Projects

🧠 Project One: Mapping V1a2 Expression in the Brain

🧠 Project One: Mapping V1a2 Expression in the Brain

This project investigates how expression of the vasopressin receptor V1a2 varies across sex and social status in the brain of Astatotilapia burtoni, a highly social species of cichlid. V1a2 is known to play a role in social behaviors like aggression and reproduction, but how its expression reflects dominant or subordinate status remains unclear. Using immunohistochemistry and stereological analysis, we quantify the number and distribution of V1a2-expressing cells in key brain regions associated with the Social Decision-Making Network (SDMN), including the preoptic area (POA), dorsal telencephalon (Dl), and others. By comparing expression across dominant and subordinate males, we aim to uncover whether V1a2 expression helps encode and maintain social roles in the brain.

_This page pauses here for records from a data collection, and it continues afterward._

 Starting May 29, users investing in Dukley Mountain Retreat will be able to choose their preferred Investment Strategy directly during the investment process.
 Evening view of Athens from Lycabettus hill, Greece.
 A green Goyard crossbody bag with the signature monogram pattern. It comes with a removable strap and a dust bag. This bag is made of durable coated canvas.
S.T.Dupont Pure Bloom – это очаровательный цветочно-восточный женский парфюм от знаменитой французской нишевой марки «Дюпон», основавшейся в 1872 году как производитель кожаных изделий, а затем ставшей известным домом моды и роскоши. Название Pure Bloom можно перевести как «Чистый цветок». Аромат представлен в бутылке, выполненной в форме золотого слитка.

🧬 Project Two: Disrupting V1a2 to Test Its Role in Social Ascent

🧬 Project Two: Disrupting V1a2 to Test Its Role in Social Ascent

In this experiment, we use CRISPR-Cas9 gene editing to knock out the V1a2 gene and evaluate its functional role in behavioral flexibility—specifically during social ascent, when a subordinate male rises in status following the removal of a dominant competitor. By observing and quantifying behaviors like aggression and courtship in both wild-type and V1a2 knockout males, we test whether disrupting this receptor alters the animal’s ability to respond to social opportunities. This allows us to directly probe how V1a2 contributes to the tradeoff between reproductive and aggressive behaviors, and whether its absence disrupts social decision-making.

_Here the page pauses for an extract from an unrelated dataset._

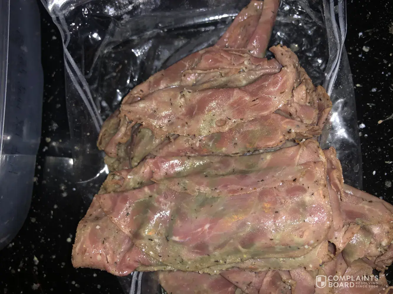 I purchased the above pastrami from Wal-Mart in Delavan, WI on March 15th, 2019 and first used/opened the product on March 19th, 2019. All was good - I made several sandwiches between 03-19-19 and 03-22-19 with no problems. On 03-24-19 I was making a grilled pastrami and cheese sandwich, only to find that the pastrami - (which was in the original packaging and in the original plastic container), was grey and spoiled.

🧪Project Three: Transcriptomic Insights from V1a2 Knockout Brains

🧪Project Three: Transcriptomic Insights from V1a2 Knockout Brains

CRISPR-based knockout of V1a2 doesn’t just alter behavior—it likely causes widespread changes in gene expression across the brain. In this project, we use 3’Tag-Seq, a transcriptomic profiling technique, to measure how gene expression patterns in the preoptic area (POA) are altered in V1a2 mutants. By comparing mutants and controls across different social states (dominant, subordinate, ascending), we explore whether the brain engages compensatory mechanisms—for instance, upregulating other nonapeptide receptors—to maintain functional behavior. This analysis will also reveal gene networks and pathways that are sensitive to V1a2 disruption, allowing us to build a systems-level view of how a single receptor can influence brain-wide expression and social behavior.